# Simple example notebook that causes the largest OOI.pangeo.oi server to run out of memory when trying to lazily load and concatenate AMPS netcdfs



In [1]:
import xarray as xr
import fsspec
import gcsfs
from tqdm import tqdm
xr.set_options(display_style="html");

### list the netcdf files

In [2]:
fs = gcsfs.GCSFileSystem(project='ldeo-glaciology', mode='ab', cache_timeout = 0)
NCs = fs.ls('gs://ldeo-glaciology/AMPS/wrf_d03_20161222_week-cf')
len(NCs)

55

### Loop through all the netcdf files in the AMPS directory and conat each one.
This cell causes the kernel to restart when you try to loop over all the netcdfs (len (NCs) = 55) we currently have in GCS.



In [None]:
## load the first file to inialize the xarray
url = 'gs://' + NCs[0]
with  fsspec.open(url, mode='rb')  as openfile:  
    AMPS = xr.open_dataset(openfile, chunks={})  # these chunk sizes produce chunks of reasonable data volumes and which stretch through all time

## load the other files, each time concaternating them onto an xarray (AMPS) that grows in the time dimension each iteration. 
for i in tqdm(range(1, len(NCs)-1)):  
    url = 'gs://' + NCs[i]
    with  fsspec.open(url, mode='rb')  as openfile:  
        temp = xr.open_dataset(openfile, chunks={})  # these chunk sizes produce chunks of reasonable data volumes and which stretch through all time
    AMPS = xr.concat([AMPS,temp],'time')

 81%|████████  | 43/53 [03:00<03:56, 23.69s/it]

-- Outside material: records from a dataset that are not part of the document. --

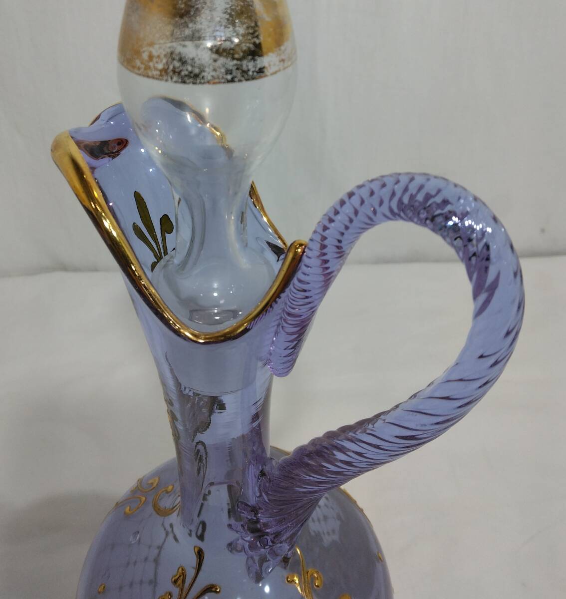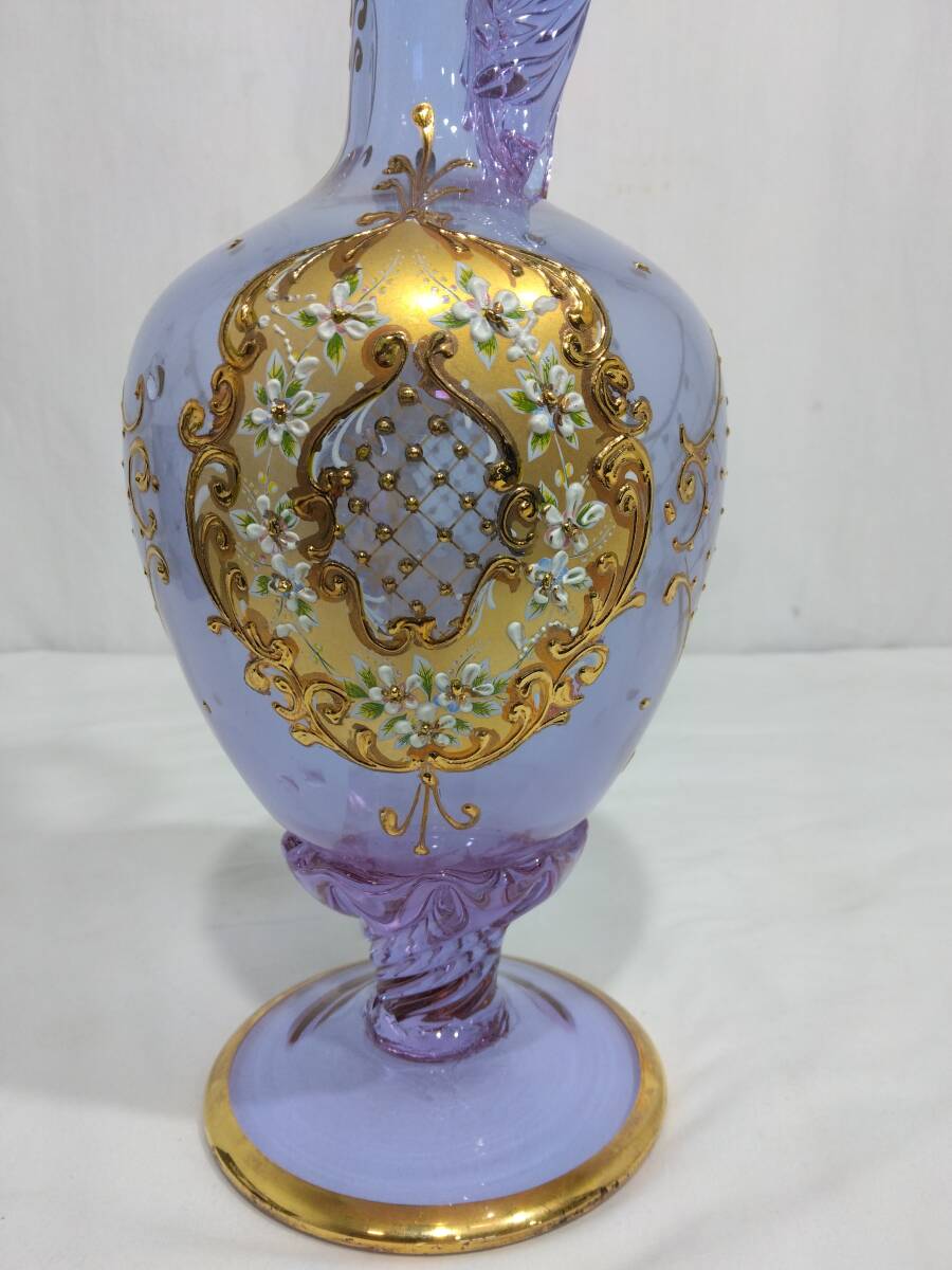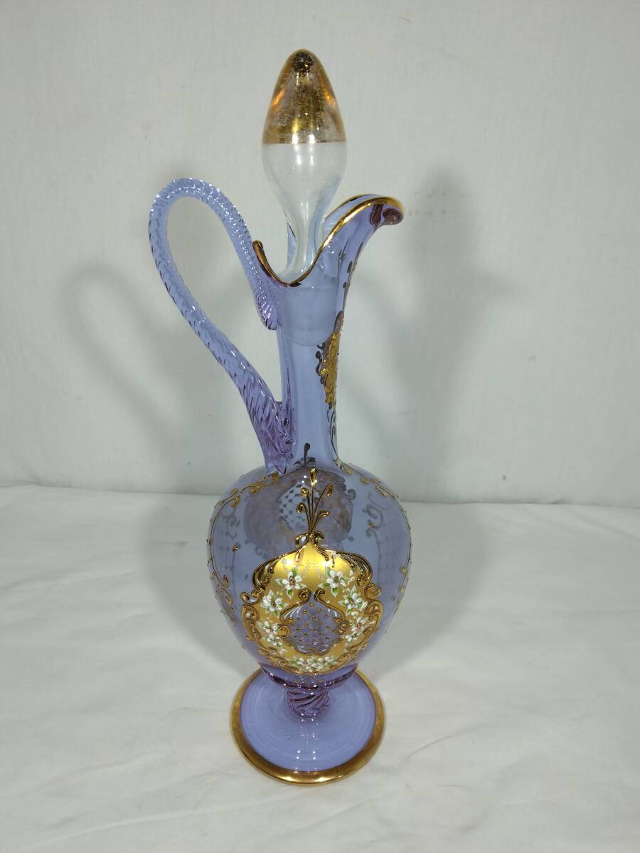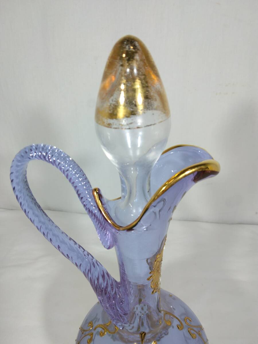 □1円 ベネチアン グラス 水差し 蓋つき 水色 金彩 花柄入 イタリアガラス工芸品 USED品 アンティーク 割れ欠けヒビなし 金彩のがれ有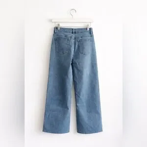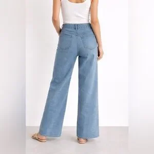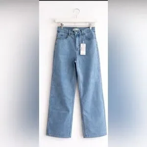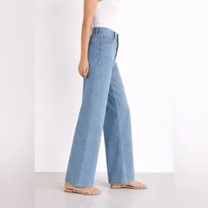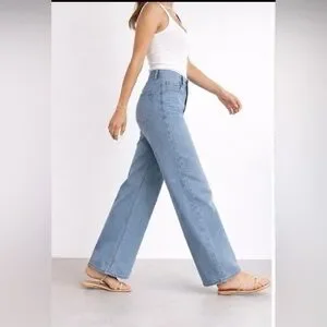 Nuevo con etiquetas. Jeans ETTELO tiro alto estilo pierna ancha en un hermoso azul claro. Mezclilla suave con elasticidad que se ajusta a la cintura y cae con una silueta amplia y favorecedora. Cómodos y modernos para cualquier ocasión.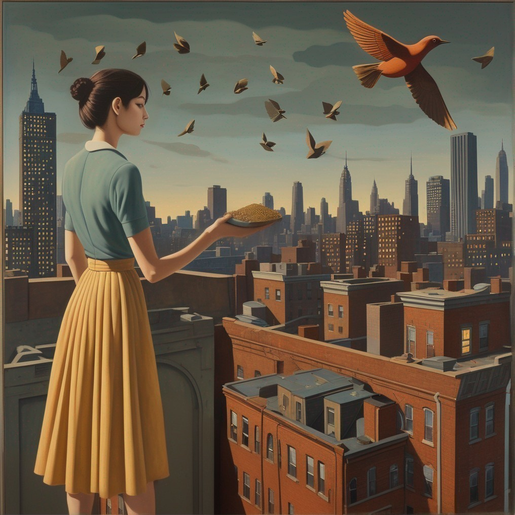 A woman on a rooftop feeds birds over a cityscape with skyscrapers under a clear sky.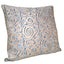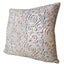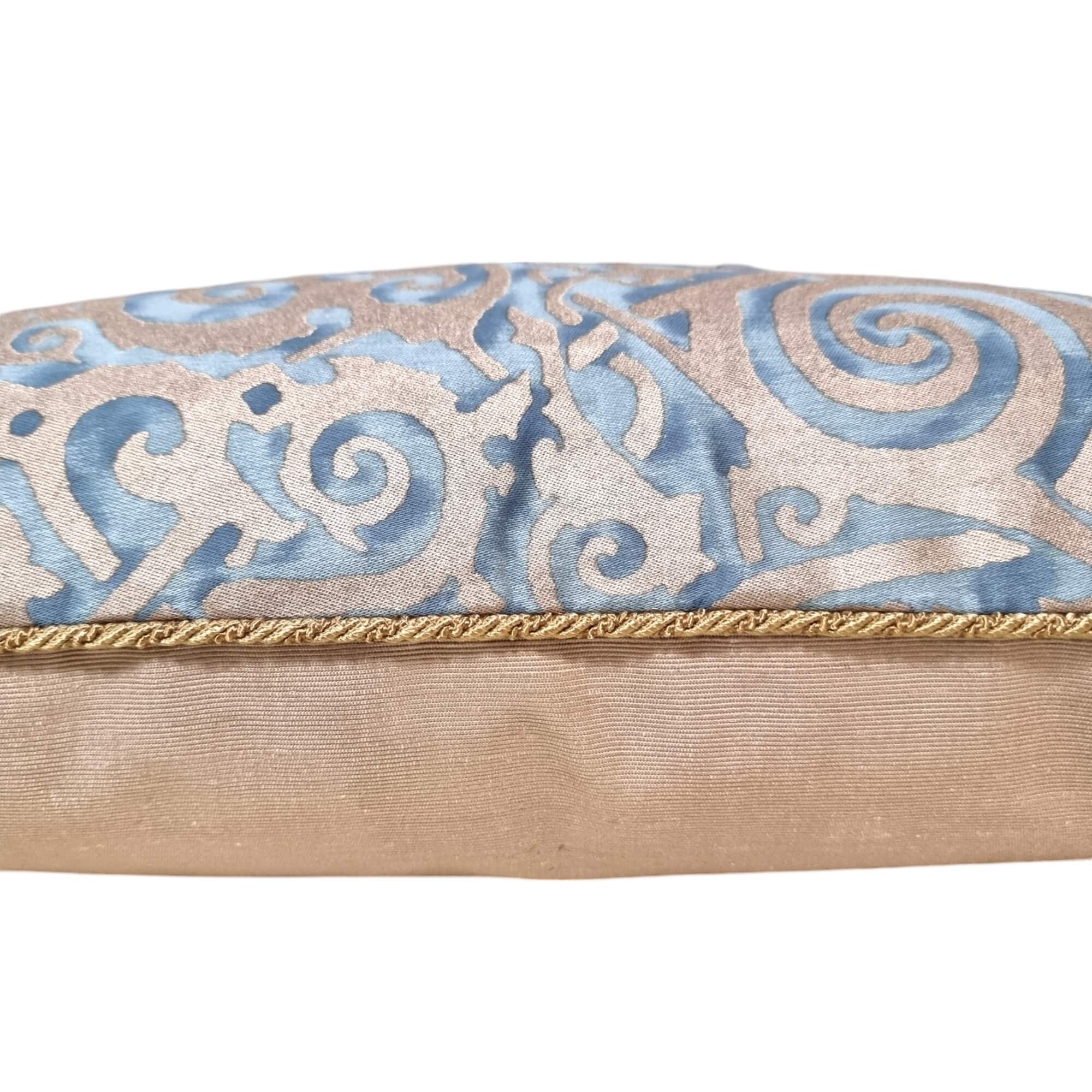 Housse de coussin en tissu Fortuny Maori couleur bleu et or, face arrière en tissu satin Rubelli couleur sable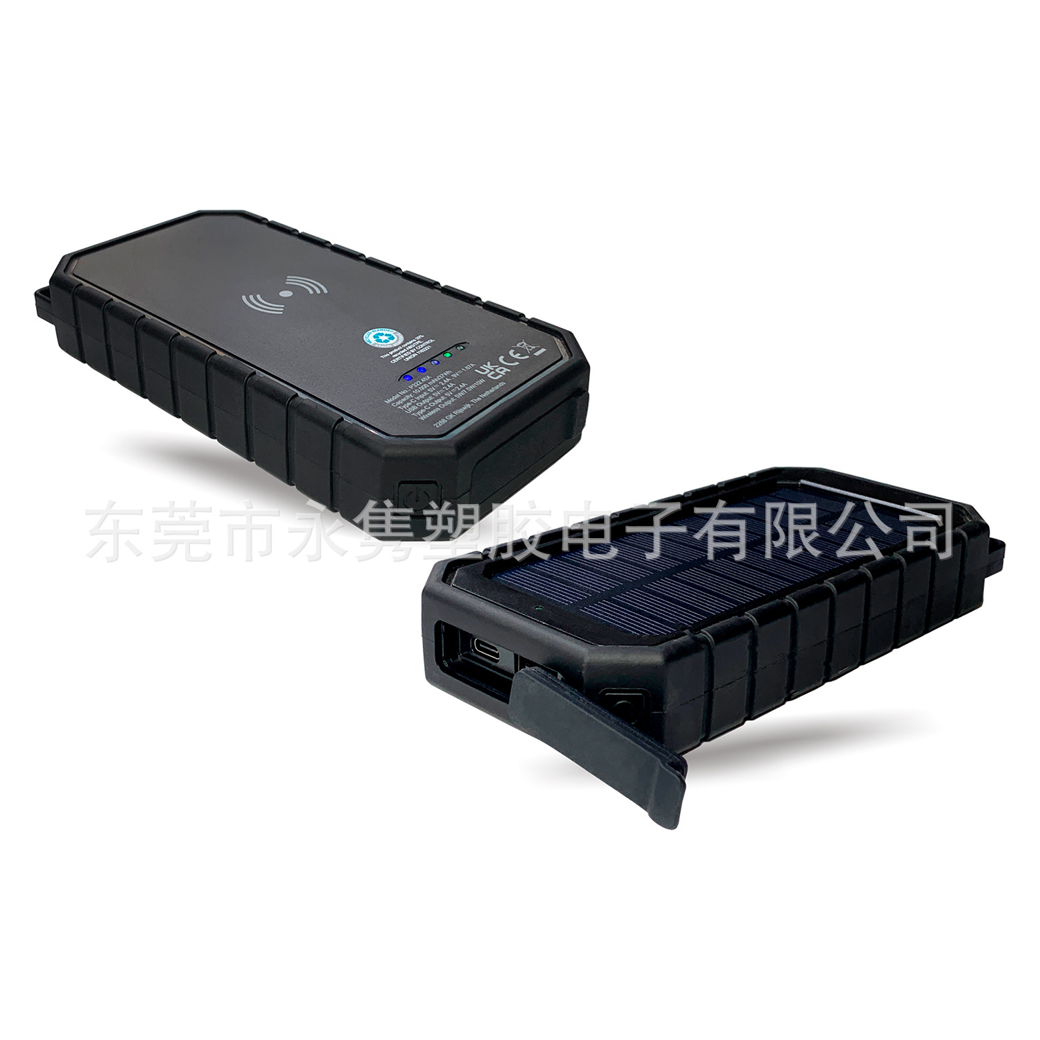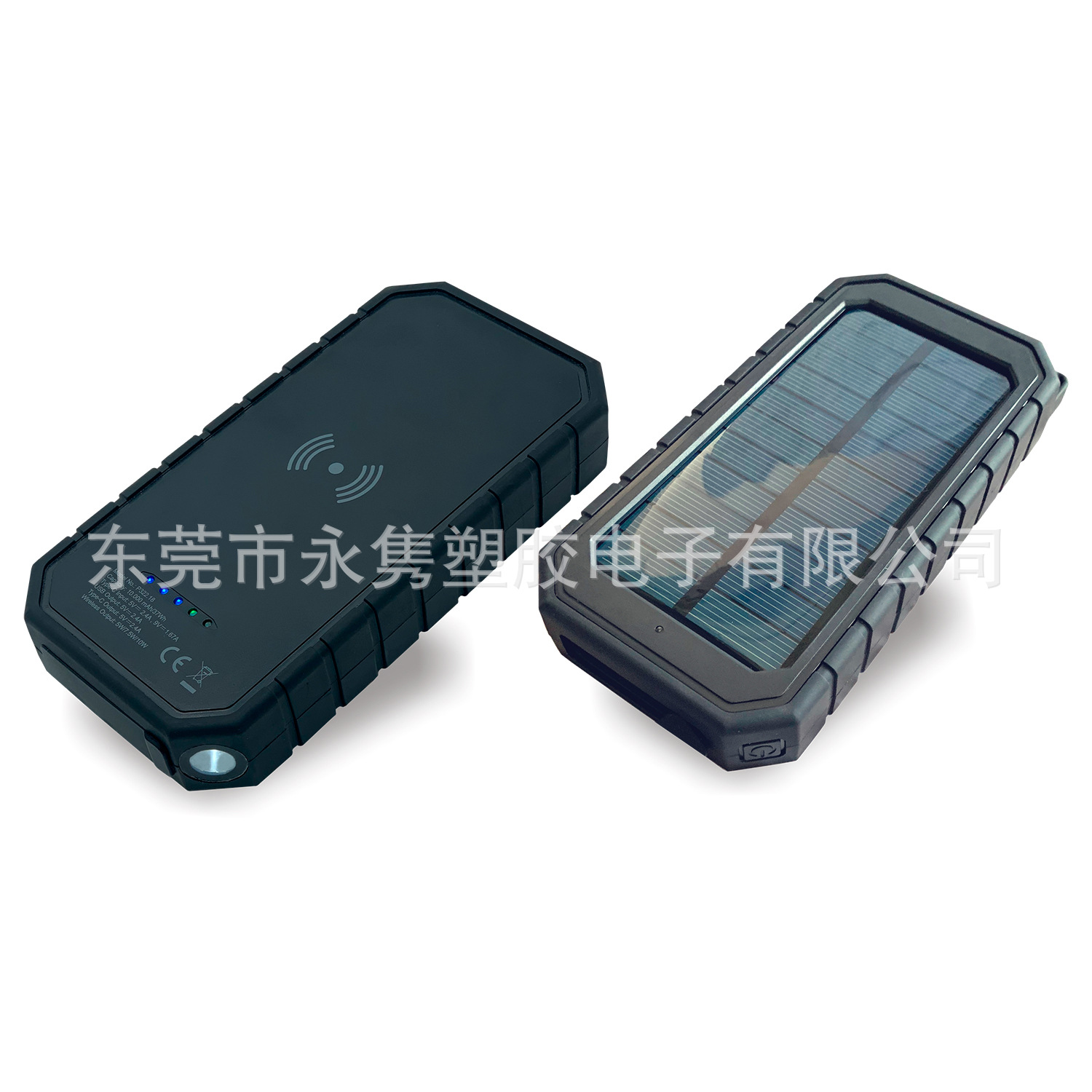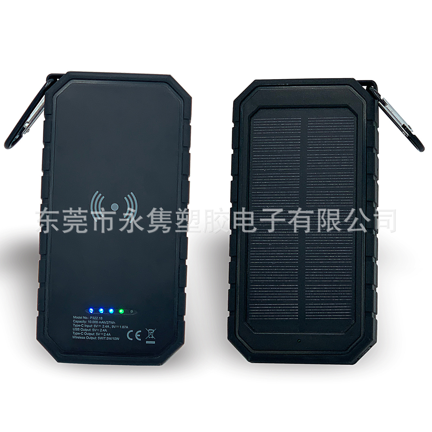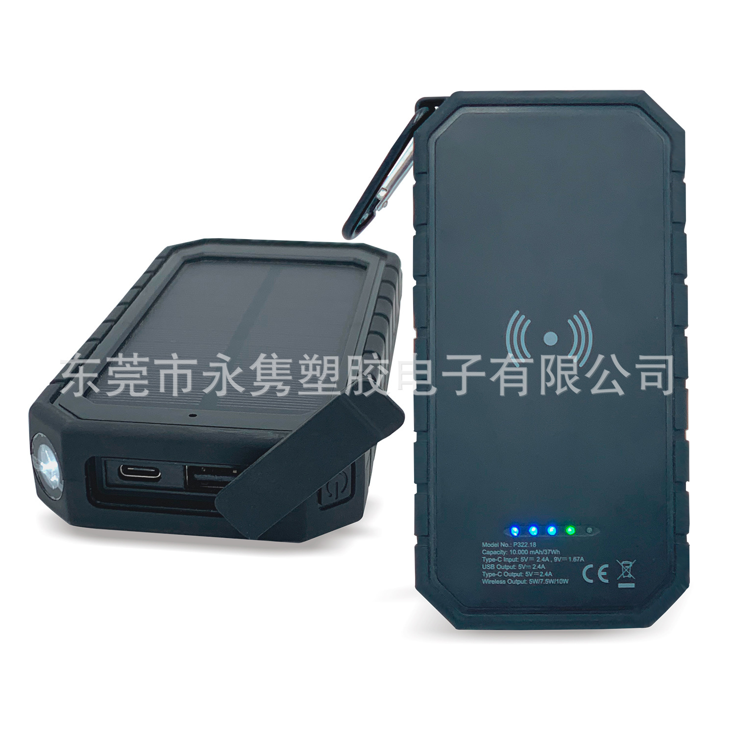 产品名称:防水防摔户外太阳能移动电源带无线充+LED应急照明灯

I am interested to know why the cell above fills the memory, when my intention was to only be loading things lazily. Note that when I load a smaller number of files (e.g., 45), instead of the full 55, I produce an xarray which seems to be made up of dask arrays as intended, so I dont why does it take up so much space on disk? Is it something to do with the chunking? increasing chunk size with AMPS.chunk doesnt seems to change the memory usage (monitored with top).